Of course, not having the Force, HK could neither see, nor hear Palpatine. It was better that way, Vek realized, or the droid and emperor would have bonded too well.
"I need to investigate the galaxy," Vek told HK. "There have likely been many changes the past millennium. Get yourself ready for action and I'll inform you of where we're going as soon as I know."
"Statement: This unit is always ready for action, Master."
"Wonderful." Vek knew HK could tell when he was being sarcastic. But he didn't care, either. He left the droid in the bay and returned to the cockpit.
Before he got there, however, his vision became cloudy and he nearly stumbled into the wall. Jungle foliage crowded around him, pressed against his every sense. Anger, intense and burning, oozed from every pore in a girl. Darkness and light warred within, tearing at her.
And then, the vision was gone.
Shaking his head, he walked into the cockpit and sat down in the pilot's seat.
"A vision, you saw, yes?"
"A girl," Vek said and Yoda raised an eyebrow. "Surrounded by darkness."
The Grand Master closed his eyes, concentrated. "Yes, a vision of the future, perhaps."
T3 bleeped and rotated its head to regard him. On the three dimensional map, three planets rose above the rest.
"Dantooine, Onderon and Coruscant," Vek said. "Is that where the Jedi are?" T3 bleeped confirmation. "What about the Sith?"
The faithful droid blooped again and the map changed. A small group of stars popped up, centering on a particular system.
"Korriban," Vek said, the taste in his mouth turning. "Why do the Sith continue to return to Korriban?" He punched a few buttons. "They've built themselves a small empire again. What about the Republic?"

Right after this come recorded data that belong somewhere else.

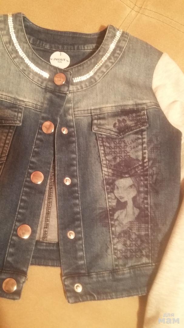 Необычный, запоминающийся комплект (джинсы и курточка). Комбинированный (рукава куртки и задняя часть штанов выполнены из серого трикотажа).В отличном состоянии, после х/ч.
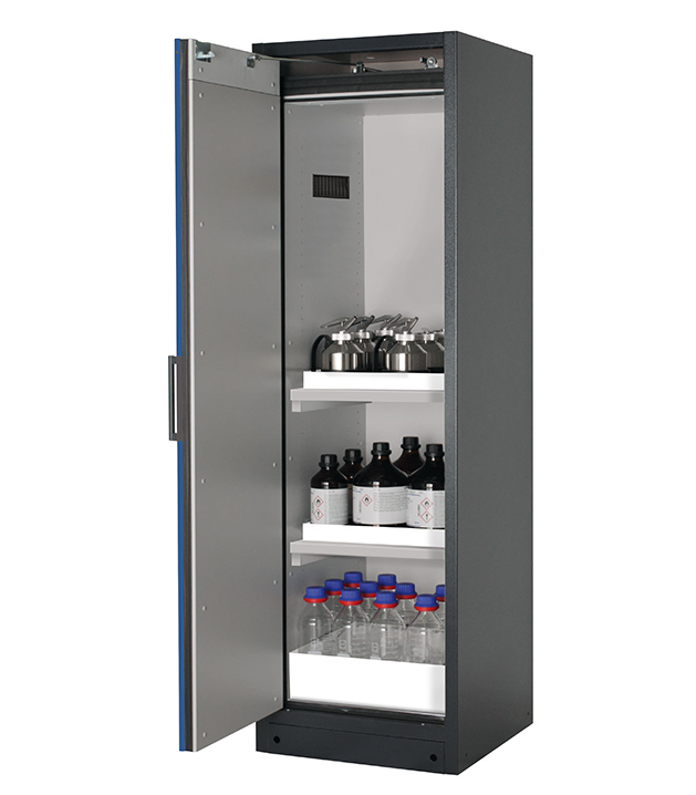 Korpusfarbe Anthrazitgrau (RAL 7016), mit Flügeltür in Enzianblau (RAL 5010), Inneneinrichtung mit 2 x Wannenboden, 1 x Bodenauffangwanne (PP)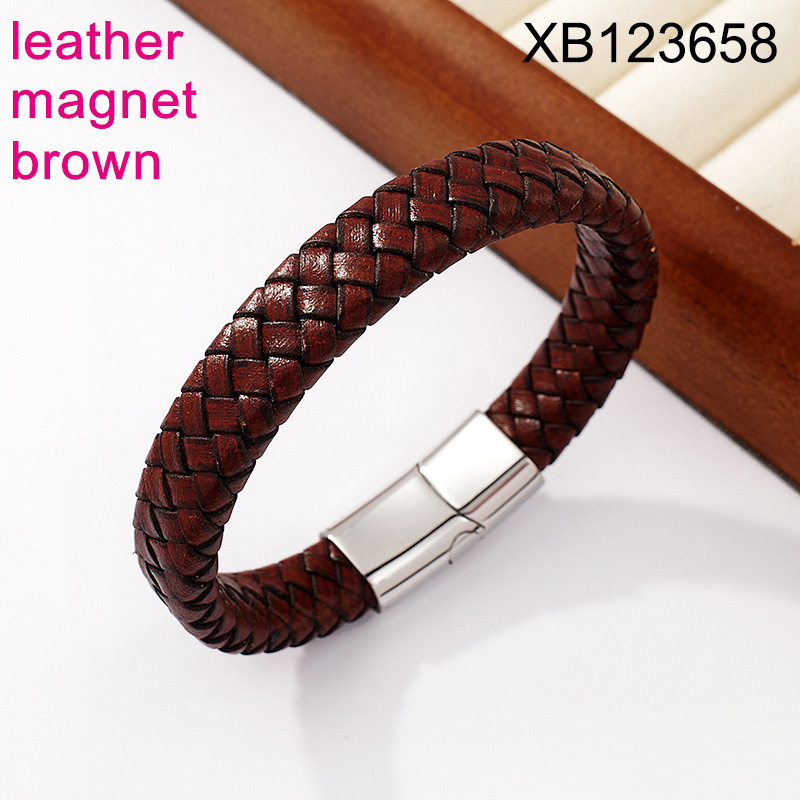 Home > Level B Stainless Steel New Trendy Man Jewelry Steel color Magnet buckle Brown Leather Bracelet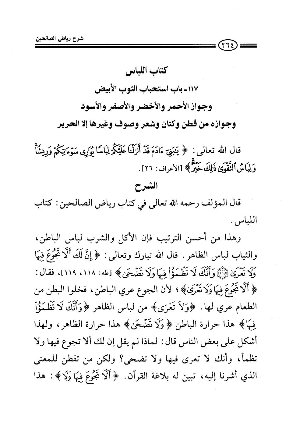 EXقال المؤلف رحمه الله: (كتاب اللباس) وهذا من أحسن الترتيب فإن الأكل والشرب لباس الباطن والثياب لباس الظاهر قال الله تبارك وتعالى: إِنَّ لَكَ أَلاَّ تَجُوعَ فِيهَا وَلاَ تَعْرَى وَأَنَّكَ لاَ تَظْمَأُ فِيهَا وَلاَ تَضْحَى فقال: {ألا تجوع فيها ولا تعرى} لأن الجوع عرى الباطن فخلو البطن من الطعام عري لها {ولا تعرى} من لباس الظاهر {وأنك لا تظمأ فيها} هذا حرارة الباطن {ولا تضحي} هذا حرارة الظاهر، ولهذا أشكل على بعض الناس قال: لماذا لم يقل إن لك ألا تجوع فيها ولا تظمأ وأنك لا تعرى فيها ولا تضحي؟ ولكن من تفطن للمعنى الذي أشرنا إليه تبين له بلاغة القرآن {ألا تجوع فيها} هذا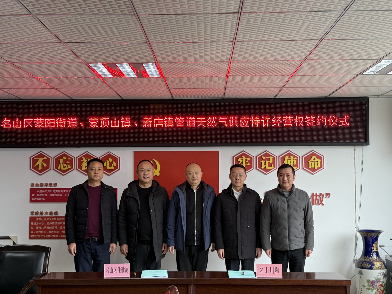 12月18日,名山区蒙阳街道、蒙顶山镇、新店镇管道天然气供应特许经营权签约仪式在名山区住房和城乡建设局举行。名山区人民政府党组成员、副区长谭庆,名山区住房和城乡建设局党委书记秦超俊,名山区住房和城乡建设局局长彭亚雄,川投燃电党委副书记、总经理邓锐,名山川燃党支部书记、董事王镇出席了签约仪式。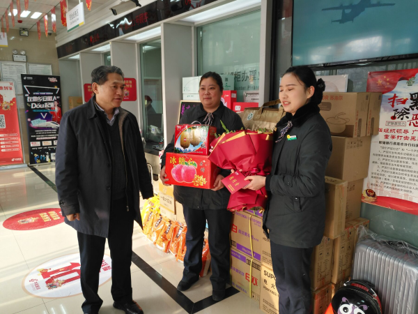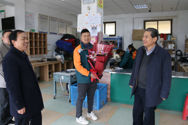 1月14日下午,安徽省分公司馬俊林副總經理帶領工會相關同志來到蕪湖市分公司,看望慰問安徽省勞動模范潘紅,讓勞模感受到省分公司黨組和企業的關心關愛,感受到工會的溫暖。走訪慰問中,了解他們工作和生活情況并為勞模送去慰問品,希望通過慰問勞模同志,號召廣大郵政職工要大力弘揚勞模精神、勞動精神、工匠精神,立足本職,刻苦鉆研,勤奮工作,深入踐行新發展理念,主動對標、立標、達標,堅持普服為“根”、客戶為“本”,堅持質量第一、效益優先,堅持“五化”引領,全面助力郵政企業的高質量發展。馬俊林副總經理隨后前往特困職工蘇長寶家中,關心他的身體和生活狀況,鼓勵他堅定信心、積極治療、戰勝病魔。在退休職工張金忠家中,馬俊林副總經理和老同志促膝長談,對老同志們關心企業發展表示感謝;馬俊林副總經理還說,他到蕪湖來看到蕪湖市分公司局容局貌日新月異,業務發展勢頭也非常好,非常高興,老同志們雖然已經安享晚年生活,但都心系企業,也要?;亍凹摇笨纯础=Y束走訪之前,馬俊林副總經理還來到蕪湖寄遞事業部郵區中心局處理中心作業現場和蕪湖寄遞事業部物流業務分公司,查看郵運旺季生產情況,對網運職工送去省公司黨組的誠摯祝福與問候,要求蕪湖分公司做好節日期間生產作業安排,確保網運生產安全、通暢,做好節日期間堅守崗位的員工后勤保障工作,過一個安定祥和的春節。

T3 whirred and accessed data. Words appeared on the view screen.
"There is no Republic?" Vek was surprised, but only a little. "People have a hard time agreeing on much of anything. Especially with politicians around, sewing division."
Most of the systems of the known galaxy were independent. "That will make it easier for the Sith to expand," Vek said, then thought of Palpatine. The former emperor would no doubt find that encouraging.
"It reminds me of the way it was when I first came here," Vek said. "Except for the Republic not existing," he mused.
Turning to T3, he said, "We should get moving. Set course for Dantooine. Let's have a look at these new Jedi." Faithful as ever, T3 set course. The hyperdrive crackled to life. Vek sat in the pilot's seat, remembering old friends, long gone. The corners of his mouth turned down and he averted his gaze to the floorboards as the panorama of stars melded together, and the Ebon Hawk slipped into hyperspace.